Retracing of Mapping Explicit to Objects (RoMEO)
Extract relevant information from SQL scripts such as source and target tables.
- Target table name: In each sql script the target table name can be derived from the create (table, view, procedure) statement.
Unvalid patterns:
| V1 |
|---|
| with |
Valid patterns:
| V1 |
|---|
| from |
| join |
Filter patterns:
| V1 |
|---|
| case |
| where |
Aggregation patterns:
| V1 |
|---|
| GROUP BY |
| SUM |
| AVG |
Create patterns:
| V1 |
|---|
| create procedure |
| create view |
Insert patterns:
| V1 |
|---|
| insert into |
- Multiple insert into statements: SQL scripts can have multiple insert statements.
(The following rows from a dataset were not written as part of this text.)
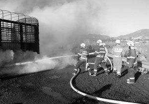 车祸现场,消防人员紧急灭火 记者张广玉/摄
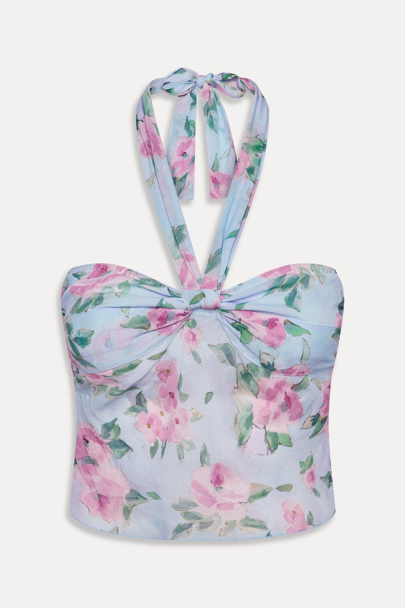 This feminine halter top knots at the front and ties at the neckline, creating a draped look across the bust. Smocking through the back adds flexible support. The Maribel top pairs beautifully with the matching mini skirt or tailored trousers. Details Lightweight chiffon fabric Painted watercolor pattern Front knot detail Ties at neckline Smocked back for comfort and flexibility Lined on the bust, sheer through the body
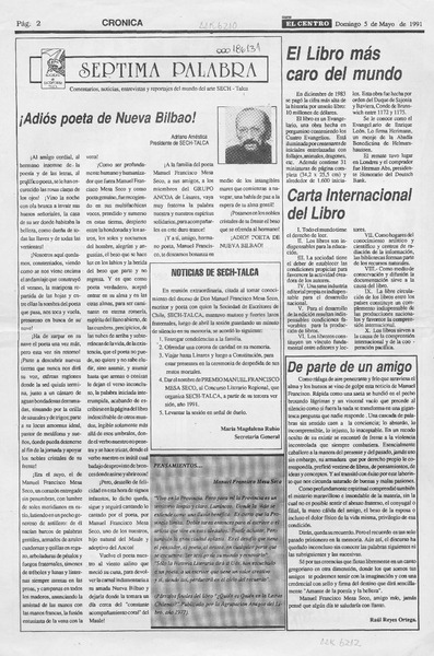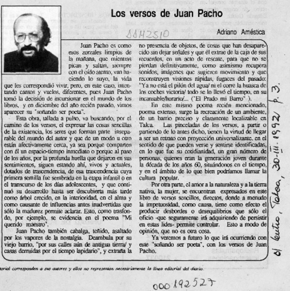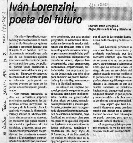 Adiós poeta de Nueva Bilbao! [artículo] Adriano Améstica.
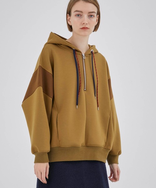 大人女性も着られる!オーバーサイズパーカー■スタッフおすすめポイント・少し光沢のある素材なのでキレイ目にスタイリングできます。・オーバーサイズで腰回りも隠れる丈感です。■デザイナーおすすめポイント・きれいめなダンボール素材を使用することでパーカーでもカジュアルになり過ぎないトップスです。・オーバーサイズでフードのサイズやハーフジップのデザインが顔周りを小さく見せてくれます。■素材・透け感 なし・裏地 なし ・伸縮性 あり■お手入れ方法洗濯可能-------------------------------------------------■■A+TOKYO(エープラストウキョウ)■■東京の感性を基に最高の快適性と機能性で作り上げるTOKYO ACTIVE BRAND。ワークアウト、オフィスなどシーンの垣根がなくなりつつある都市型生活に提案したい、オールメイドインジャパンのウェアが揃っています。A+TOKYO(エープラストウキョウ)では、トレーニング、フィットネス、ヨガ、筋トレ、ワークアウト、ラン、ランニングなどの身近なスポーツから、サッカー、バスケットボール、スケートボート、テニスなど本格的なスポーツに対応できるものまで幅広く取り揃えております。また、普段使いできるカジュアルウェアを取り入れ、オフィスカジュアルやオケージョンなどとシーンレスで着て頂けるアイテムもございます。海外のアスレジャーファッションのような着こなしも可能です。-------------------------------------------------【お買い物をよりお楽しみいただくために】■商品のお気に入り登録(ハートマークをクリック)完売カラーの再入荷通知や、在庫ラスト1点の通知、セールの通知を受け取ることができます。■ブランドのお気に入り登録新商品がUPされたり売り切れ商品が再入荷したときなど、いち早くブランドのお得な情報を受け取ることができます。是非ご利用頂き、お買い物をお楽しみください。

This implies that the relation is (n x m) for (n) = target table and (m) = source table.
- Scripts without from statements: SQL scripts can just serve the sole purpose to calculate are prepare something and do not refer to a source table load.
- Selected attributes: Selected attributes shall be extracted and thus create per script with one target table and one source table a (1 x n x m) relation with 1 = target table, (n) = source table(s), and (m) = attribute(s).
- Automated join loop: Extracted SQL script shall be joined until end.
- Re-organization of columns in output: Columns in the output table shall reflect lineage steps or layer design (however in legacy systems layer design is often violated).